• _TASK GOAL_
The lines to print run from the top of the material below to the line with "Шар с кисточкой", inclusive; please copy them exactly, without pictures.

⟨

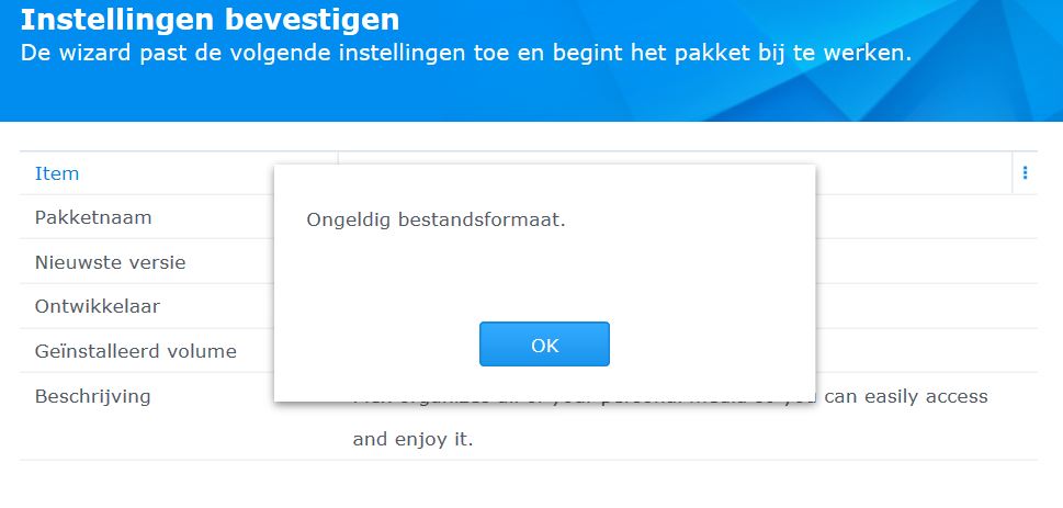 Several times i tried too install the 64 version but every time Synology DS416 Play it gets me the following message “ONBEKEND BESTANDSFORMAAT” what must i do? Sorry for my bad English…
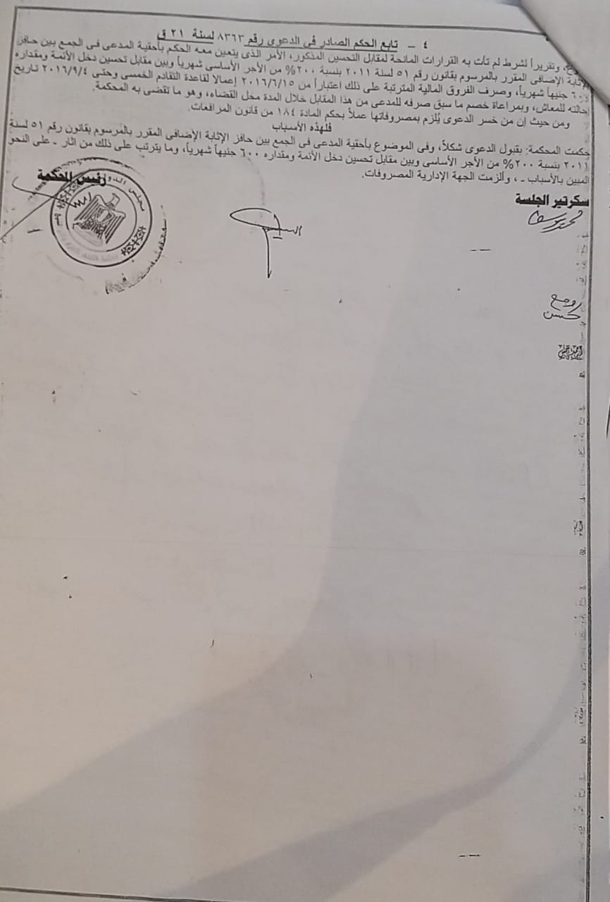 كما صدر الحكم برئاسة المستشار علي عوض الملهطاني ، وعضوية المستشارين محمد سعد الدين احسن ابو عماره والمستشار الدكتور برتي سامي ابراهيم جندي والمستشار المساعد محمد محمد ابو السعود مرسي في عدة دعاوي منها الدعوي رقم ٨٣٦٩/٢١ق
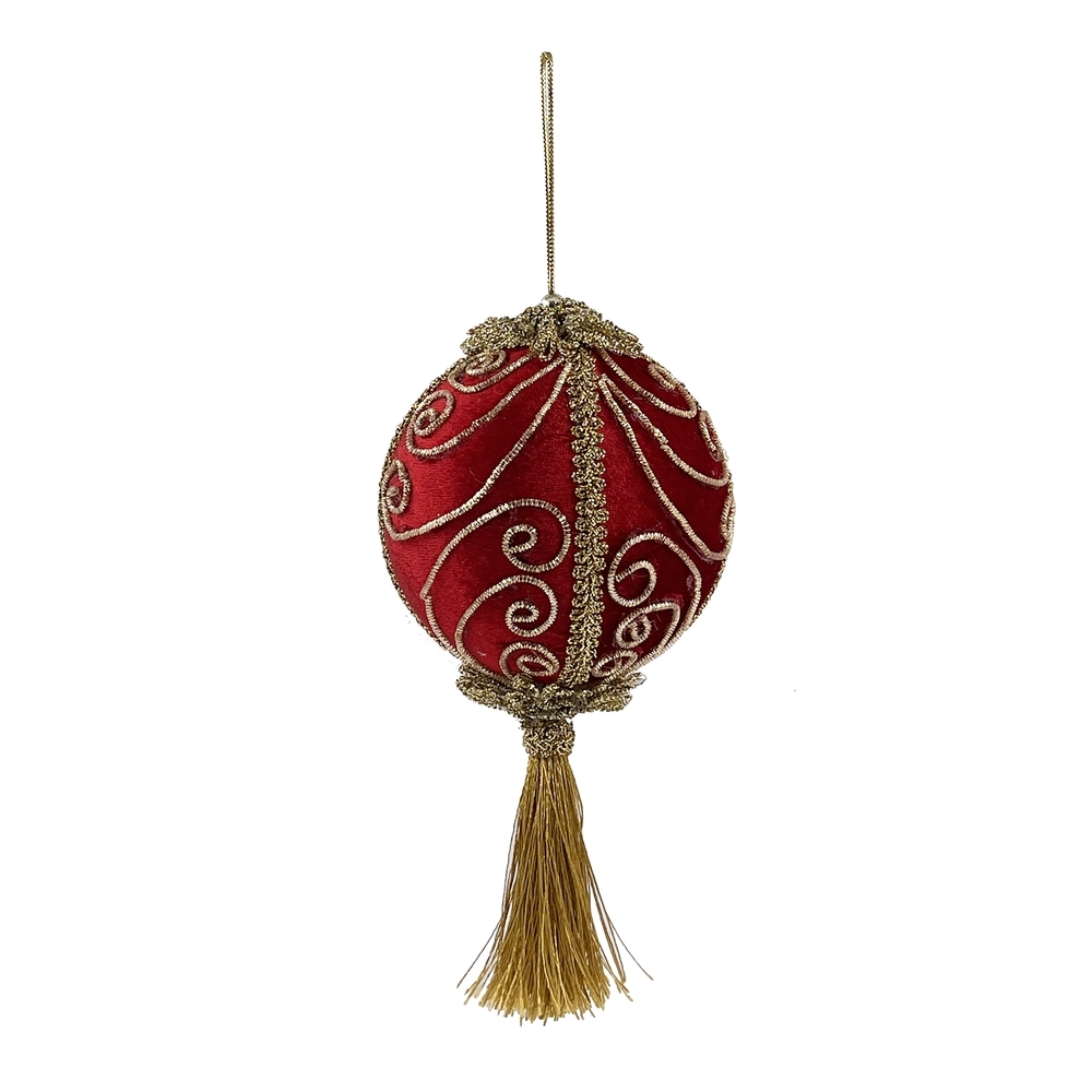 Шар с кисточкой 10см ChristmasDeLuxe premium collection красный/золотой
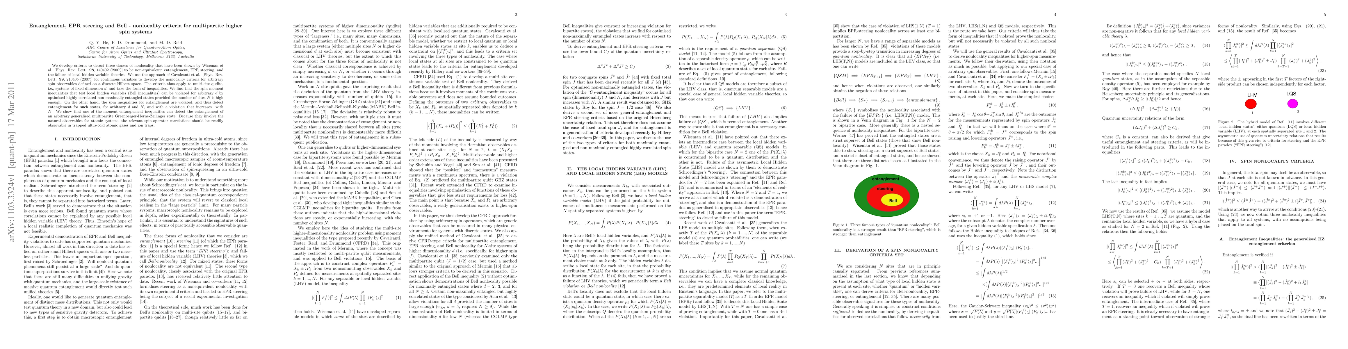 We develop criteria to detect three classes of nonlocality that have been shown by Wiseman et al. [Phys. Rev. Lett. 98, 140402 (2007)] to be nonequivalent: entanglement, EPR steering, and the failure of local hidden-variable theories. We use the approach of Cavalcanti et al. [Phys. Rev. Lett. 99, 210405 (2007)] for continuous variables to develop the nonlocality criteria for arbitrary spin observables defined on a discrete Hilbert space. The criteria thus apply to multisite qudits, i.e., systems of fixed dimension d, and take the form of inequalities. We find that the spin moment inequalities that test local hidden variables (Bell inequalities) can be violated for arbitrary d by optimized highly correlated nonmaximally entangled states provided the number of sites N is high enough. On the other hand, the spin inequalities for entanglement are violated and thus detect entanglement for such states, for arbitrary d and N, and with a violation that increases with N.We show that one of the moment entanglement inequalities can detect the entanglement of an arbitrary generalized multipartite Greenberger-Horne-Zeilinger state. Because they involve the natural observables for atomic systems, the relevant spin-operator correlations should be readily observable in trapped ultracold atomic gases and ion traps.
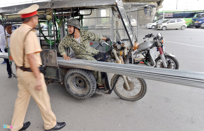 | Chở hàng cồng kềnh, nghênh ngang trên phố, nguyên nhân của nhiều vụ tai nạn thương tâm. |
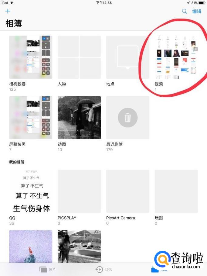 点击ipad自带的“照片”就可以看到我们刚刚录制的视频。
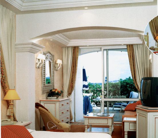 В отеле: Для размещения гостей предназначено 49 комфортабельных номеров, элегантно меблированных и оформленных в прованском стиле. В большей части номеров имеются балконы и террасы с захватывающим видом на море, Сен-Тропе или лагуну. Типы номеров: Marina View Room - номера с видом на лагуну, Sea View Room - номера с видом на море, De Luxe Room - номера большего размера, Junior Suite - просторные номера с гостиным уголком, Suite - роскошные номера, состоящие из спальни и гостиной.

⟩

• _WRITTEN SOLUTION_
 Several times i tried too install the 64 version but every time Synology DS416 Play it gets me the following message “ONBEKEND BESTANDSFORMAAT” what must i do? Sorry for my bad English…
 كما صدر الحكم برئاسة المستشار علي عوض الملهطاني ، وعضوية المستشارين محمد سعد الدين احسن ابو عماره والمستشار الدكتور برتي سامي ابراهيم جندي والمستشار المساعد محمد محمد ابو السعود مرسي في عدة دعاوي منها الدعوي رقم ٨٣٦٩/٢١ق
 Шар с кисточкой 10см ChristmasDeLuxe premium collection красный/золотой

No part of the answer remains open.